Hi Tom, thanks for your detailed responses. I really appreciate it.
My comments below inline ...


> I'm having a strange problem with postgres & autovacuum
> Everything is working fine until I start getting the following errors ...
> and postgres stops working shortly after (it stops accepting connections)

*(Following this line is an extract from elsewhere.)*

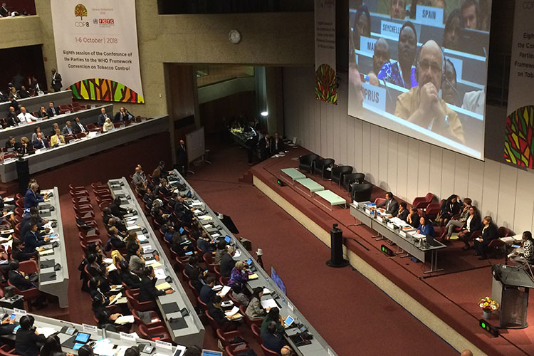 As discussões promovidas pela Organização Mundial da Saúde (OMS) no âmbito da Convenção-Quadro para Controle do Tabaco (CQCT) tiveram continuação em 2018. Naquele ano, foi realizada a 8ª Conferência das Partes (COP 8) do tratado internacional que estuda medidas de prevenção e inibição aos malefícios do hábito de fumar. Os debates aconteceram entre os dias 1º e 6 de outubro, em Genebra, na Suíça, cidade na qual fica a sede mundial da OMS.

> 2010-11-13 12:34:08.599 CET|1|||7104||4cde77b0.1bc0|2010-11-13 12:34:08
> CET|1/44303|0|| LOG:  automatic vacuum of table
> "mrs.pg_catalog.pg_statistic": index scans: 1
>         pages: 0 removed, 189 remain
>         tuples: 132 removed, 4587 remain
>         system usage: CPU 0.00s/0.00u sec elapsed 0.04 sec
> 2010-11-13 13:24:40.998 CET|2|||3300||4cdc2ae6.ce4|2010-11-11 18:41:58
> CET||0|| WARNING:  worker took too long to start; cancelled
> 2010-11-13 13:25:41.126 CET|3|||3300||4cdc2ae6.ce4|2010-11-11 18:41:58
> CET||0|| WARNING:  worker took too long to start; cancelled
> 2010-11-13 13:26:41.254 CET|4|||3300||4cdc2ae6.ce4|2010-11-11 18:41:58
> CET||0|| WARNING:  worker took too long to start; cancelled

Hm.  The code comment above that warning says

            * The only problems that may cause this code to
            * fire are errors in the earlier sections of AutoVacWorkerMain,
            * before the worker removes the WorkerInfo from the
            * startingWorker pointer.

but it's hard to see what problem there could lead to an issue.  (In
particular, I discount the idea that AutovacuumLock could be stuck,
because we had to acquire it in order to issue this message.)

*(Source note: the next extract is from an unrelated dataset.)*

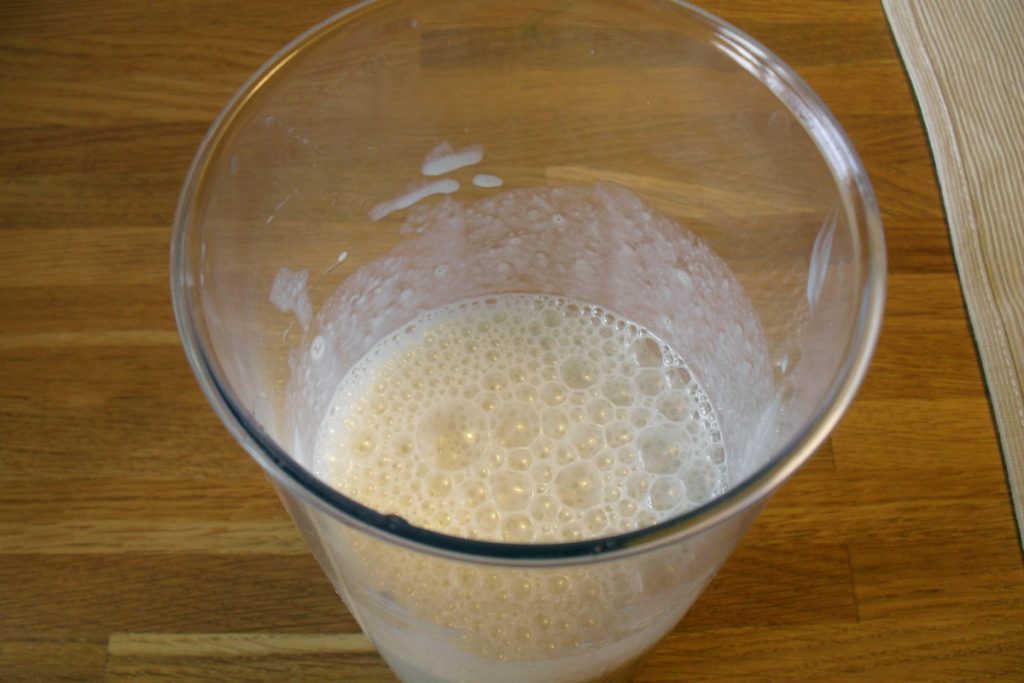 Añade la leche y el jarabe de agave y sigue batiendo hasta que esté bien aireado.

But it strikes me that the code comment is wrong in one significant way:
if the postmaster were failing to heed SIGUSR1 at all, you could reach
the timeout here, because the fork-failed signal wouldn't get sent.

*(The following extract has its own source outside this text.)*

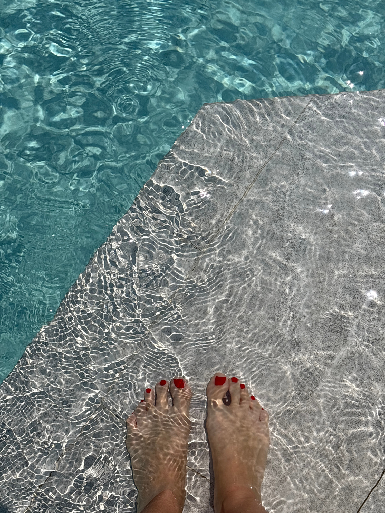 An overhead shot captures a person's feet partially submerged in clear, shallow water at the edge of what appears to be a swimming pool or a water feature. The feet, located in the upper right portion…read more

Given that you say it also stops accepting connections, I'm thinking
this is a postmaster problem not an autovacuum problem.  But you've
not provided any information about that end of it.  Exactly what happens
when you try to make a connection?  Are there any entries at all in the
postmaster log?  What about the kernel log?  Are you sure that new
connections stop working *after* this happens, and not at exactly the
same time?

When I try to make a connection from the command line I get nothing. I mean, if I execute ...

# psql -U postgres -l

I have to Ctr-C or Ctr-Z (followed by kill %1) because I can wait forever.
It's like no more connections were accepted. Obviously our applications stop working immediately. 
Trying to stop postgres with

# /etc/init.d/postgres stop
Stopping postgresql service:  

I have to strop it with Ctr-C as it does not wotk (I waited up to 3 min. with no luck). As a consequence I had to kill the postmaster process manually.

Kernel log says nothing :(

Not sure what started failing first: the connections or the autovacuum. I just went to the log and saw that sequence of events. Searching in google I found a few references saying autovacuum and that error log "WARNING:  worker took too long to start; cancelled" were releated.
 

> OS: Centos 5.5
> Kernel: 2.6.18-194.26.1.el5
> Postgres version: 8.4.5 (installation out-of-the-box using yum)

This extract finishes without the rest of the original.